Switching React class names like a boss with Deciders

You can switch a class names of React components with deciders, and it feels like a breeze.

Imagine you have a Header component. Its class name is always header, but on a mobile device, it should be also mobile. Oh, and if the width prop is less than ”400px’, it should be also narrow. Oh, and it should be hidden when either hidden prop is truthy but not equals to "false" string, and it should be also fixed when it isn’t either narrow or mobile.

Wow. Such a mess.

But wait a minute. What if I tell you that you can tackle this problem with just five lines of pretty readable code?

className={ decide(styles, {
    header: true,
    mobile: props.isMobile,
    narrow: parseInt(props.width) < 400,
    hidden: (props.hidden !== "false" && Boolean(props.hidden)),
    fixed: parseInt(props.width) >= 400 || !props.isMobile
  })}

Introducing Deciders

Decider is something that makes decisions.

I was fed up making it manually, so I’ve created a library to tackle that mess. How? After all, we either apply the class name or not. So I thought, what if we can declare class names as the keys and the conditions should be values?

{
  header: true,  // will be always applied
  mobile: props.isMobile  // will be applied according to a prop
}

The result class names should be either "header" or "header mobile".

The thing above is just an object. As long as it’s not some kind of magical class instance, you can even generate it. You can return it from a function or promise. You can bring this from your REST API. This is simple and declarative.

Let’s call this kind of object a decision matrix.

Now, we need to get this to work.

import decide from 'decider'
import styles from './header.module.css'

const classNames = decide(styles, {
  header: true,
  mobile: props.isMobile
})

Here you go. It’s meaningful. It’s simple and understandable. You can export it. The HTML and CSS are declarative, so as deciders.

Let’s apply the styles:

export default props => (
 <header className={ classNames }>
   ...
 </header>
)

But what about order? Well, the class names order doesn’t matter in HTML, so it doesn’t matter in deciders either.
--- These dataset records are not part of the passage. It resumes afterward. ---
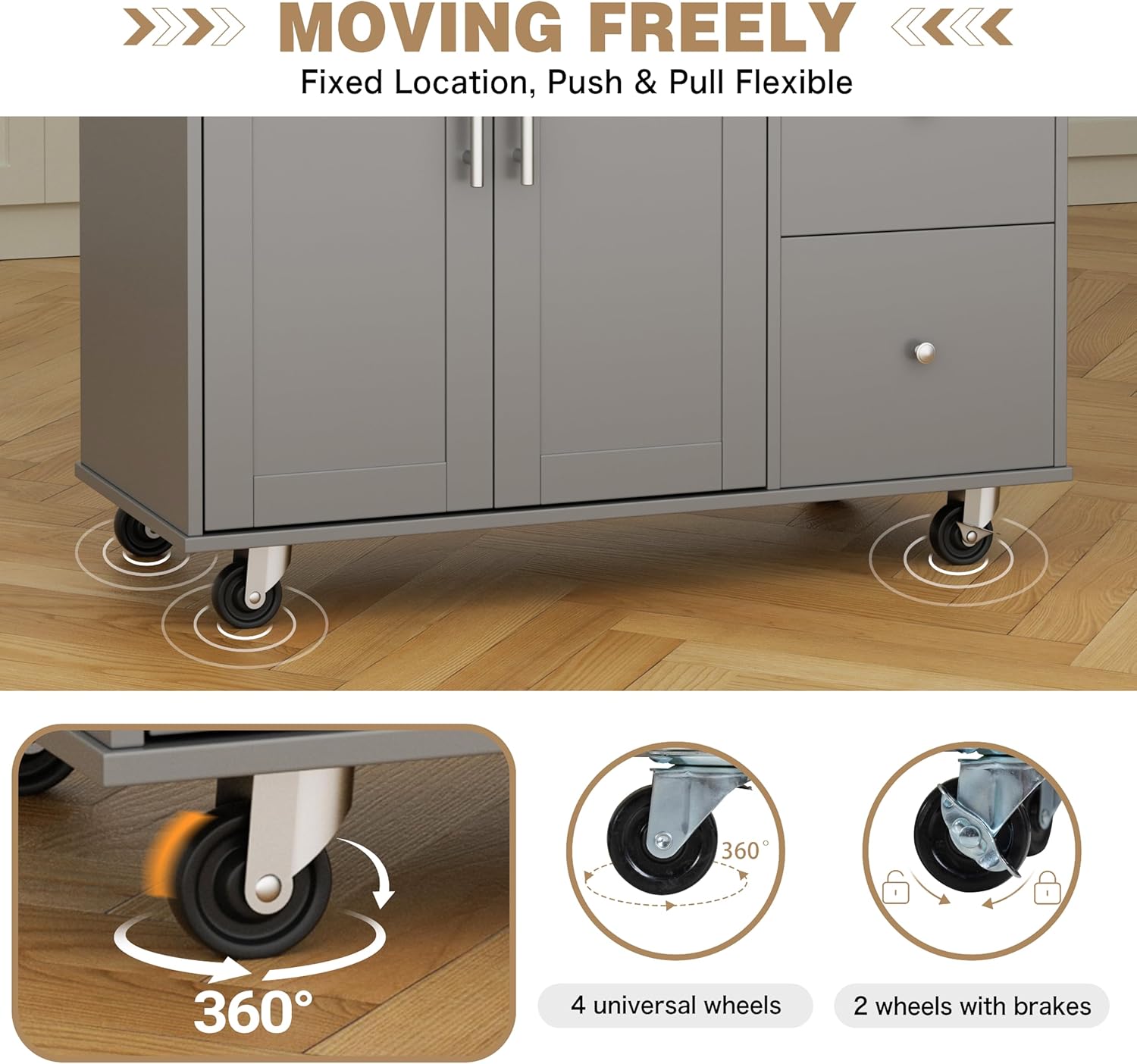 - Smooth Mobility and Secure Placement: With 5 seamless - rolling wheels, this kitchen island cart glides effortlessly. The 2 wheels with braking mechanisms ensure stable parking, allowing you to move and position it as needed, keeping everything within easy reach.
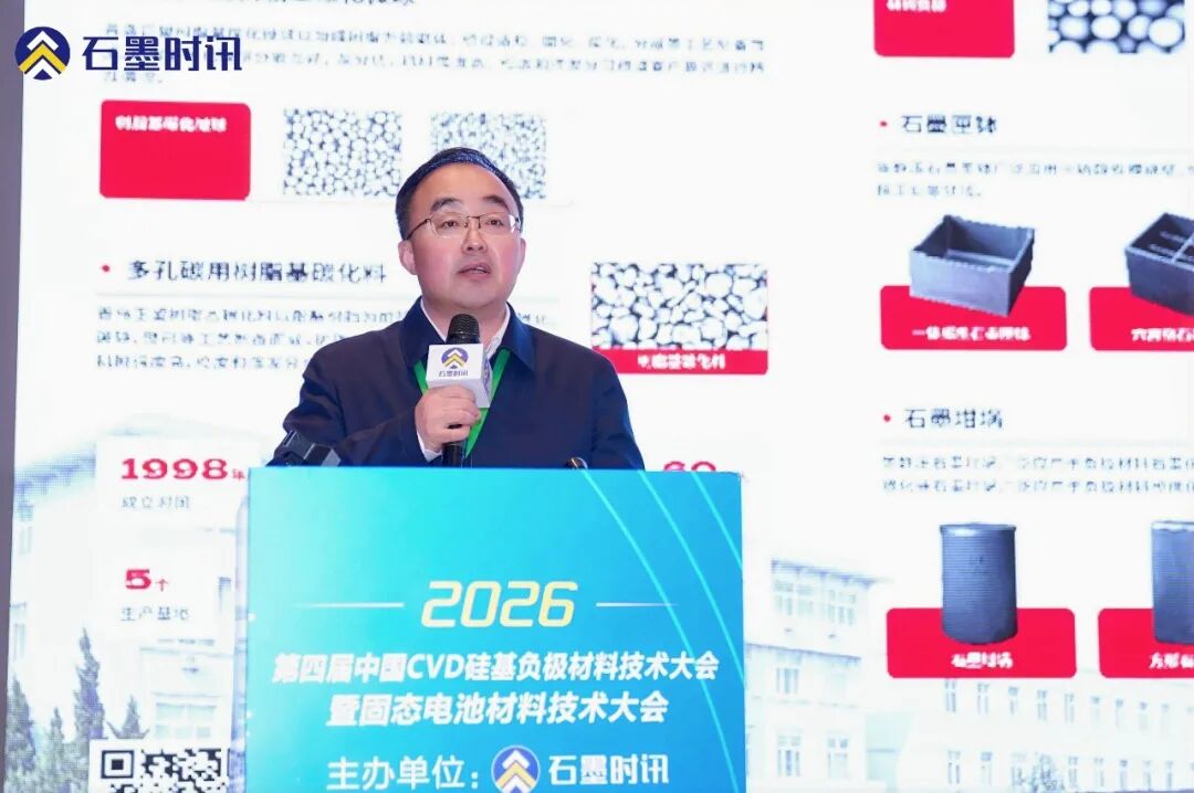 会上,高登科发表题为“红色硅谷 与佳相约 能聚未来”的主旨演讲,向与会专家、企业家推介佳县硅基产业发展优势与合作方向。他指出,佳县发展硅基产业拥有得天独厚的原料优势。链主企业陕西有色天宏瑞科建成国内最大、全球领先的硅烷气生产基地,2025年出货量达5550吨,国内市场占有率37%,全球市场达30%。特别是其“点对点、隔墙送气”的供气模式,大幅降低了下游企业生产成本,为硅碳负极产业化提供了最稳定、最经济的原料支撑。目前,榆佳经济技术开发区已吸引物科金硅千吨级硅碳负极项目建成试产,樾达电子特气等下游项目相继落地,硅基循环经济产业园全面起势。
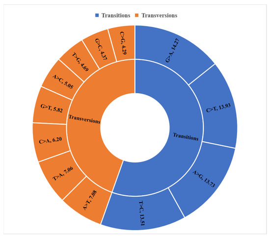 Proportion of SNP markers by transition and transversion polymorphisms.
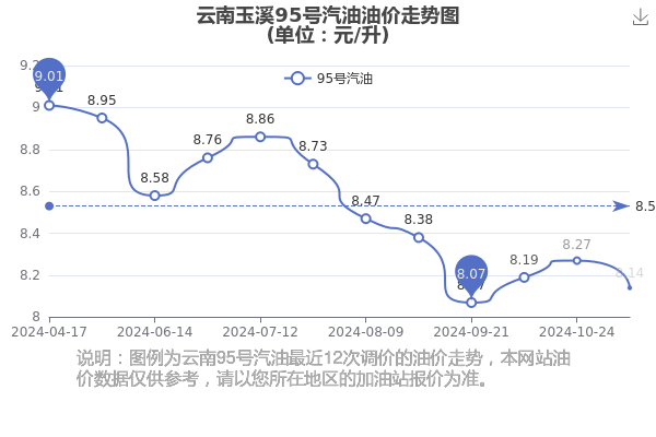 云南玉溪95号汽油11月24日最新价格为8.14元/升,为11月7日油价调整后的价格,相对上次调整时间10月24日的油价8.27元每升,下降了0.13元,下降1.572%。
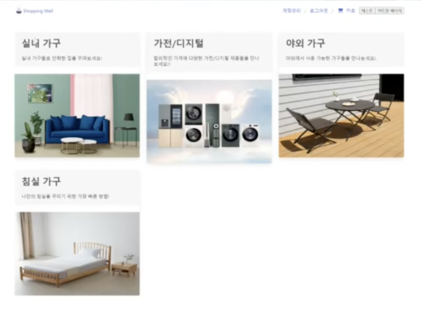 2차 프로젝트는 쇼핑몰을 개발하는 팀 프로젝트를 했는데 우리 팀은 오늘의 집과 비슷한 가구를 판매할 수 있는 사이트를 만들었다. 그리고 제대로 된 팀 프로젝트를 두 번째 프로젝트를 통해 Git으로 협업하는 능력을 키우기 좋았다.
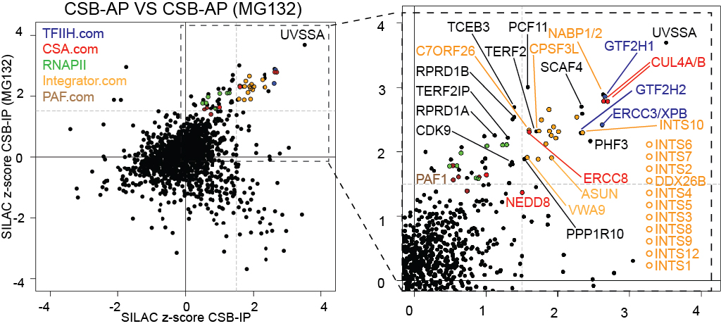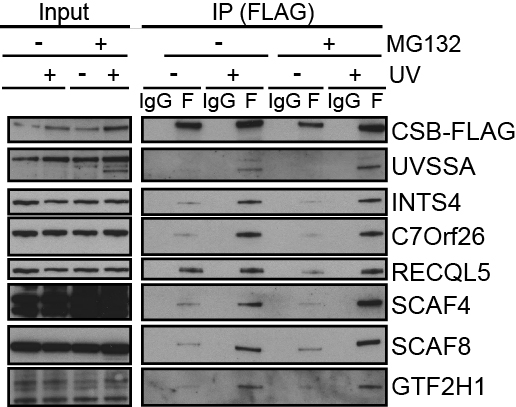 Left, the UV-induced CSB interactome, in the presence and absence of MG132 as indicated.
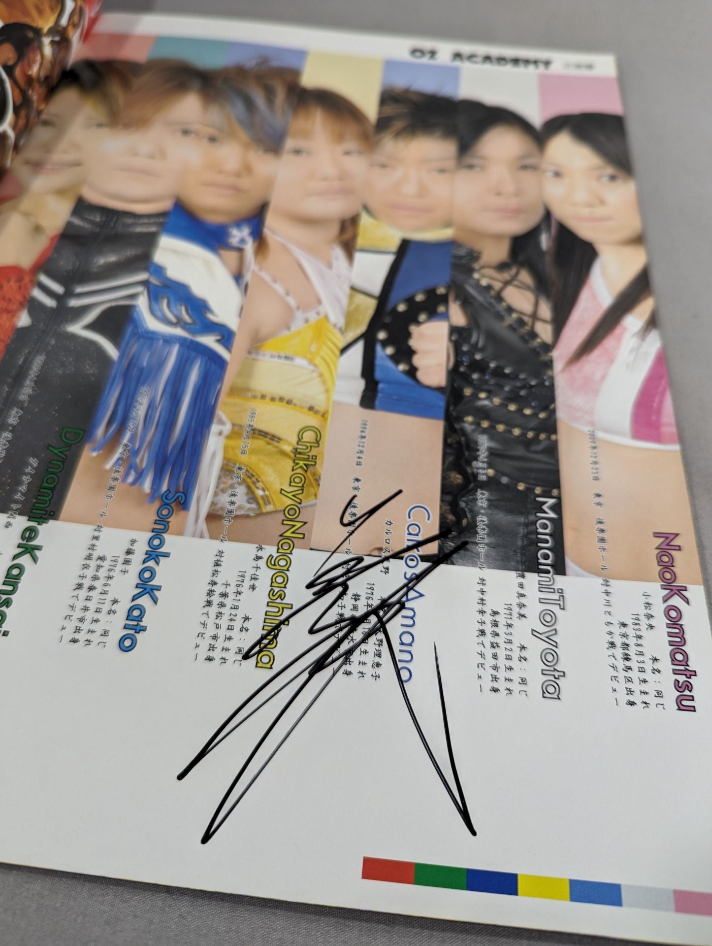 Sonoko Kato, Chikayo Nagashima More than 2 fighters hand signed autograph ! No match card notation OZ ACADEMY OFFICIAL PAMPHLET

Let’s solve the header class names’ problem I declared at the beginning of the article! Here we go:

import decide from 'decider'
import styles from './header.module.css'

export default props => (
 <header className={ decide(styles, {
    header: true,
    mobile: props.isMobile,
    narrow: parseInt(props.width) < 400,
    hidden: props.hidden !== "false" || props.hidden,
    fixed: parseInt(props.width) >= 400 || !props.isMobile
  })} >
   ...
 </header>
)

Five strings of purely declared decisions.
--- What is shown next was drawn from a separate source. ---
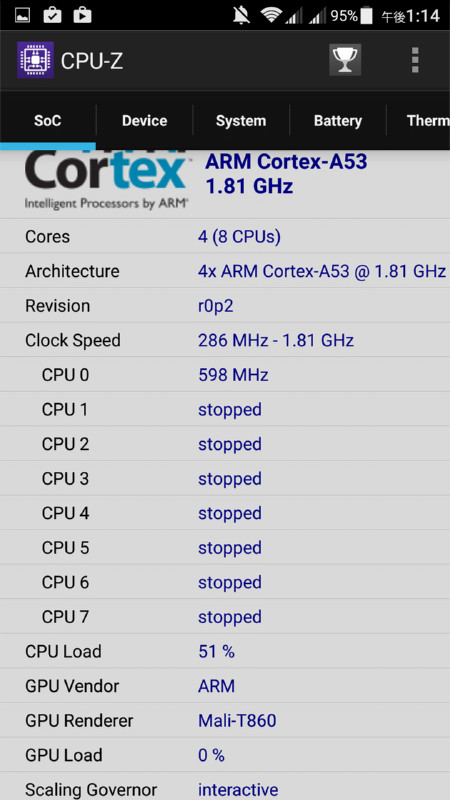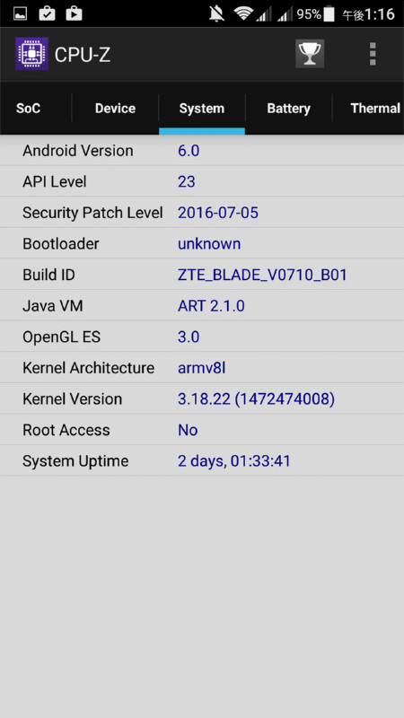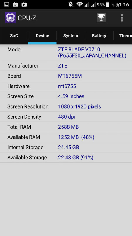 アプリ「CPU-Z」で取得した「ZTE BLADE V7 MAX」の基本スペック
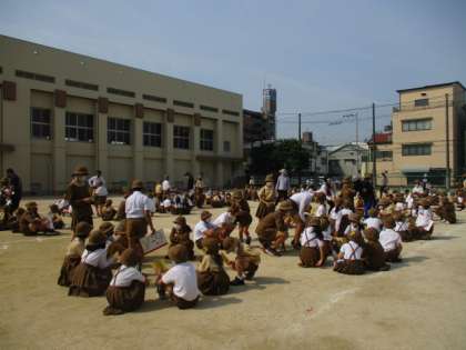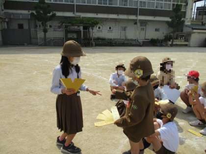 たてわり班の顔合わせが終わり、はじめての児童集会でした。集会委員会の司会で、「3枚のお札」ゲームをしました。ひとり3枚の持ち札に自分の名前を書いています。班のメンバーとじゃんけんをして勝った人が負けた人のお札をもらいます。お札を渡すときには自分の名前も言います。

Differences from classnames

  • Decide is a pure function. It works without that bind magic, so you can use it virtually anywhere.
  • Smaller bundle size: Decider is just 171 bytes away!
  • Syntax and usage are much easier to adopt

Wrapping up

  • Switching class names manually is error-prone and overall not a pleasant thing to do
  • You can switch class names easily with deciders
  • If you want to do this, you should declare a decision matrix – an object which has class names as keys and booleans as values
  • Decider is a decide(styles, decisionMatrix). It returns a class names’ string
  • You pass this string as a className prop to your component, and it works

I want to adopt this right now!

Here you go.

Alright, that’s it! Keep your code clean, meaningful and understandable!